One method of quantifying outliers is by calculating the studentized residual of each point. The studentized residual is calculated by dividing each residual $e_i$ by its estimated standard error. We can use the outlier_test() method from statsmodel to calculate these values.

Below, I recreate the same model as above using the statsmodels formula interface, and then use the outlier_test() method to calculate the studentized residuals. After that, I remove the six data points with studentized residuals more extreme than -3 or 3, and then refit the model.

# Fitting model
model = smf.ols("MEDV ~ ZN + I(ZN**2) + RM + I(RM**2) + ZN*RM + I(ZN*RM**2)", 
                data=boston_df)
result = model.fit()

# Getting studentized residuals
studentized_resids = result.outlier_test()

# Getting six data points with studentized residuals <-3 or >3
studentized_resids = \
    (studentized_resids
     .assign(student_resid_abs=abs(studentized_resids["student_resid"])))
outliers = \
    (studentized_resids
     .sort_values(by="student_resid_abs", ascending=False)
     .head(6))

# Removing these points from boston_df
boston_df_no_outliers = boston_df[~boston_df.index.isin(outliers.index)]


model_no_outliers = smf.ols("MEDV ~ ZN + ZN**2 + RM + I(RM**2) + ZN*RM + I(ZN*RM**2)",
                            data=boston_df_no_outliers)
result_no_outliers = model.fit()
result_no_outliers.summary()

After removing these 6 points, the $R^2$ statistic of the model jumps from .582 to 0.677, which is a notable improvement. Of course, in practice, care should be taken when removing outliers, and it should only be done within reason.

High leverage points

In contrast to outliers, high leverage points are those that have usual predictor values $x_i$. High level points can have drastic effects on model fit, so they are important to identify. We can calculate the leverage statistic to quantify the leverage of a point. However, it can be more useful to make use of statsmodels influence_plot method, which plots studentized residuals versus leverage.

Below, I’ll create such an influence plot.

model = smf.ols("MEDV ~ ZN + I(ZN**2) + RM + I(RM**2) + ZN*RM + I(ZN*RM**2)", 
                data=boston_df)
result = model.fit()

sm.graphics.influence_plot(result, size=6)

Points with a leverage statistic greater than the average are suspect. As such, data points 203, 283, 365, 354, and 204 clearly have high leverage and are likely strongly influencing our model fit.

Collinearity

In the regression context, collinearity among predictors can make it difficult to determine how each individual predictor is associated with the response, leading to reduced accuracy of the regression coefficient estimates

We can detect multicollinearity among our predictor variables by calculating each predictor’s variance inflation factor (VIF).

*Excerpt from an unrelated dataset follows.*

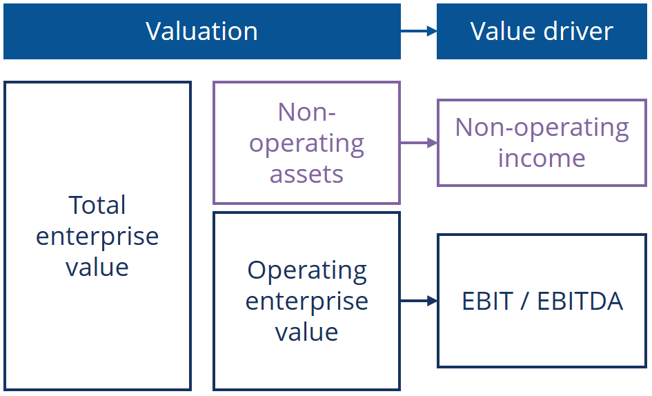 - It is important to exclude non-core assets from the EV calculation as their associated income is not included in the value driver (EBIT or EBITDA)

To do this, we can use the statsmodels variance_inflation_factor function.

>>> from statsmodels.stats.outliers_influence import variance_inflation_factor

>>> predictors = ["ZN", "ZN^2", "RM", "RM^2", "ZN*RM", "(ZN*RM)^2"]
>>> vifs = [variance_inflation_factor(exog=X_poly, exog_idx=i) for i in range(X_poly.shape[1])]

>>> pd.DataFrame(dict(predictor=predictors, vif=vifs))
   predictor          vif
0         ZN  2006.900702
1       ZN^2   123.275947
2         RM    96.513389
3       RM^2    11.965347
4      ZN*RM   139.454612
5  (ZN*RM)^2    98.352424

In general, a VIF above 5 or 10 indicates likely collinearity among our predictor variables. However, in this case, we have some pretty high VIF values. This occurrence is sometimes known as structural multicollinearity, and is a result of the polynomial terms in our regression model.

For a fairer comparison, we can view the VIF values when just ZN and RM are included.

>>> X = boston_df[["ZN", "RM"]].to_numpy()

>>> vifs = [variance_inflation_factor(exog=X, exog_idx=i) for i in range(X.shape[1])]
>>> predictors = ["ZN", "RM"]

>>> pd.DataFrame(dict(predictor=predictors, vif=vifs))
  predictor       vif
0        ZN  1.278583
1        RM  1.278583

From these last VIFs, we see that ZN and RM are not collinear, thus the accuracy of our coefficient estimates does not suffer.